The first differentiation with respect to the parameters in matrix
and with respect to
is
and the expected information matrix for the parameters in matrix
is given by
5. Conclusions
This paper studied the VAR model with the innovation using Factor-GARCH process in order to investigate the time-varying market volatility and correlation between the international oil market and China’s renewable energy market during the period of 2014 to 2018. The Factor-GARCH model represents a significant methodological departure from the existing CCC-GARCH model in the literature by demonstrating a more direct indication of evolution of the market co-movement, where the dynamics of correlation is time dependent. Our key findings are threefold. First, using a VAR model with Granger causality test, we found that the international oil market is useful in forecasting China’s renewable energy market. Moreover, in terms of impulse response function, international oil shock has a negative effect on China’s renewable energy market in the short run. Second, by modelling market risk, it also indicates that the fluctuations of international oil prices have an influence on the stock price fluctuations of Chinese renewable energy listed companies. Finally, the Factor-GARCH model was applied and results showed that the volatility of the yield of the renewable energy stock index peaked on July 15, 2015; September 2, 2015; and February 1, 2016, respectively. The dramatic change in volatility in China’s renewable energy stocks may be affected by other driving forces, including the domestic renewable energy market situation, global stock market performance, global financial market performance, and traditional energy prices. In addition, the correlation for both international oil and China’s renewable markets exhibited the characteristics of time-varying, volatility clustering, and similar motility.

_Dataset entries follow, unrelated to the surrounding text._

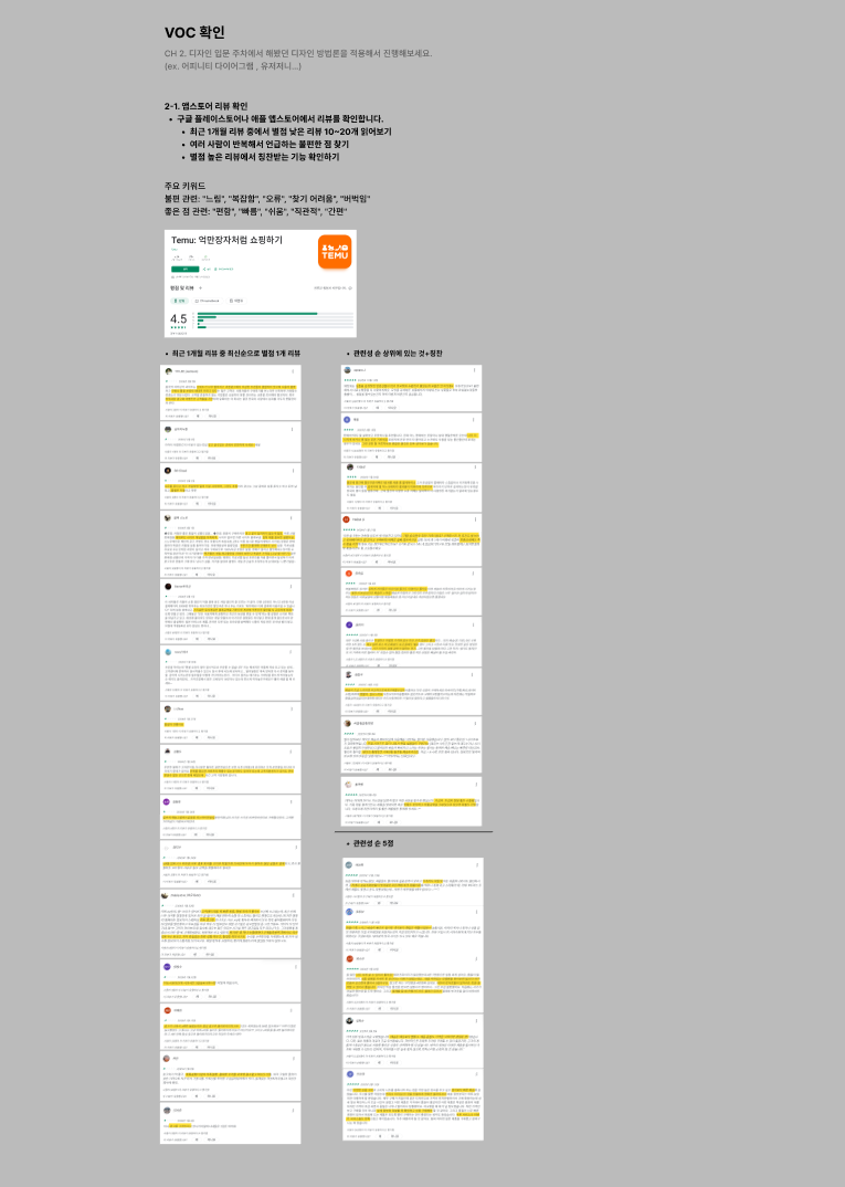 테무(이외 커머스 앱도 ok) 리서치 -> 인터뷰, 설문조사 -> 개선 아이디어 도출 -> 클론 디자인 및 개선안 제작
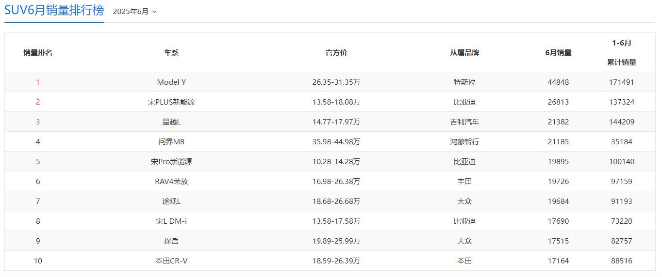 2025年6月的汽車零售銷量數(shù)據(jù)均已確認(rèn),SUV的排行榜同步出爐,這份榜單可能會讓一些汽車愛好者感到意外。
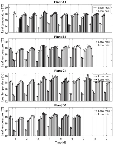 In Figure 3 the results of the MM are presented. Here, the measured local maxima (attributed to stomatal opening and resulting in leaf temperature decrease) and local minima (attributed to stomatal closure and resulting in leaf temperature increase) for the plants A1, B1, C1, and D1 are depicted. These local extrema represent the inflection points at which the leaf temperatures switch from decreasing values to increasing values (or vice versa). This means only the respectively smallest measured value before a temperature rise and the respectively highest measured value before a temperature decrease are depicted in the diagram.
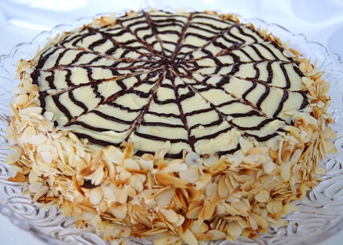 - Покрываем торт Эстерхази паутинкой из шоколада. Для этого 50 г чёрного шоколада нужно растопить. Бумажным конусом с дырочкой делаем по всей поверхности шоколадную спираль. После делим торт от середины до краёв на дольки. Должно получиться 8 частей. Делим каждую дольку ещё пополам. Бока украшаем орехами.
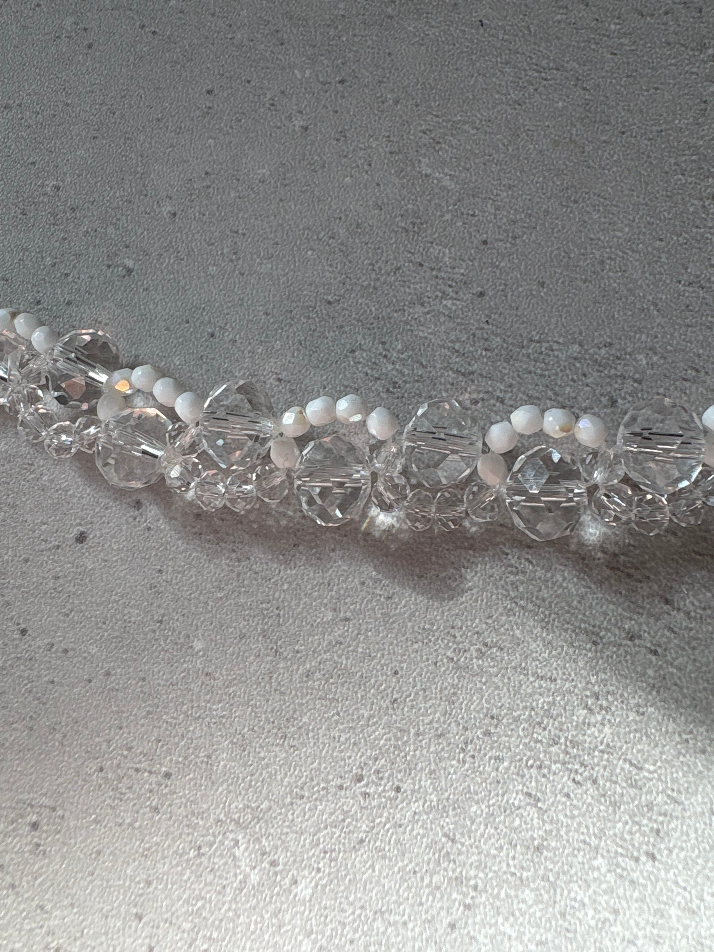 偏光のカットガラスビーズをミックスし、よりキラキラ感やモード感をプラスしました。

Affected by factors such as transnational politics, global financial markets, and crude oil supply and demand, the international crude oil market is highly volatile. Therefore, the Chinese government pays special attention to the fluctuations of the international crude oil market. The administration may adopt appropriate subsidy measures for China’s renewable energy industry when necessary. This approach might alleviate the impact of the international crude oil market on China’s emerging industries. Moreover, renewable energy companies should also be concerned about their risks and take effective risk prevention measures. While paying attention to international oil prices, renewable energy firms may also consider the impact of the domestic stock market, global financial market, and prices of traditional energies on renewable industry. Confronted with various risks, enterprises need to adjust their development strategies in a timely manner and prepare for technology investment and reserves in the early stage in order to maintain long-term sustainable development. In addition, investors may focus on different investment-related information, including news and current affairs, international politics, and the Chinese and international financial market dynamics. When investing in relevant stocks for the renewable energy sector, considering the price spillover and fluctuation transmission effects, investors should pay attention to the uncertainties of the international oil price fluctuations on the renewable energy stocks. In addition, relevant renewable energy-related policies proposed by the state are also important.